Apparently Tidal finally ditched MQA and went back to flac. How they ever went in for it with how shit it it turned out to be with some basic investigation, I have no idea.
It just frustrates me how nobody is even close to Spotify Connect nor do they seem to be trying to compete with it. Tidal only half does what I need but I have had a number of major issues with it that are making me go back to Spotify.
That’s your problem? What does it provide that nothing else does?
Seamlessly switching between music players. I can have a song playing on my computer, then switch to my phone when I get in the car.
I tried Tidal earlier this year and that was one of the main complaints I had. Their version only works on specific devices that Tidal is partnered with.
You’re talking about your PIT (place in time) of a file, and not the speakers following you around which I’m positive Spotify doesn’t do.
This is a simple feature that every platform offers, even the FOSS options. It’s not a “feature” of Spotify, it’s just something that every streaming platform does anymore.
Correct, I have to manually select which device to play from, but Spotify also remembers the current playlist when switching. Tidal doesn’t, device sessions are separate.

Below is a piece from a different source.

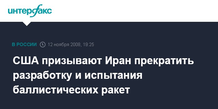 Москва. 12 ноября. INTERFAX.RU - Белый дом в среду выступил с призывом к Исламской республике Иран незамедлительно прекратить разработку ракет нового поколения.

Spotify doesn’t remember the queue though, so shuffled playlists get reshuffled when switching devices. It causes repeats and it’s really annoying. Deezer has the best session management I’ve used. It remembers the whole queue.
Primarily, remote control from one PC to another. I’ve got a desktop connected to my speakers but when working from home I want to use my work laptop to control the speakers. Tidal has a version of it that can control media streamer devices, but it is unreliable.
I like Qobuz and am winding down my Spotify usage. Although it doesn’t have as many automatic playlists as Spotify, Qobuz does better at recommending music that’s unfamiliar and interesting, whereas Spotify seems to have been circling me around the same drain of 10 songs for months. Qobuz sounds noticably better than Spotify too, on my good headphones. And it has so much information about each album, including CD booklets for many of them. In particular for classical music Qobuz gives you the composer, the players, the conductor, the piece and the movement, whereas Spotify doesn’t know what to do.
The format sent to clients is better. I would disagree with the recommendations point, but that’s subjective.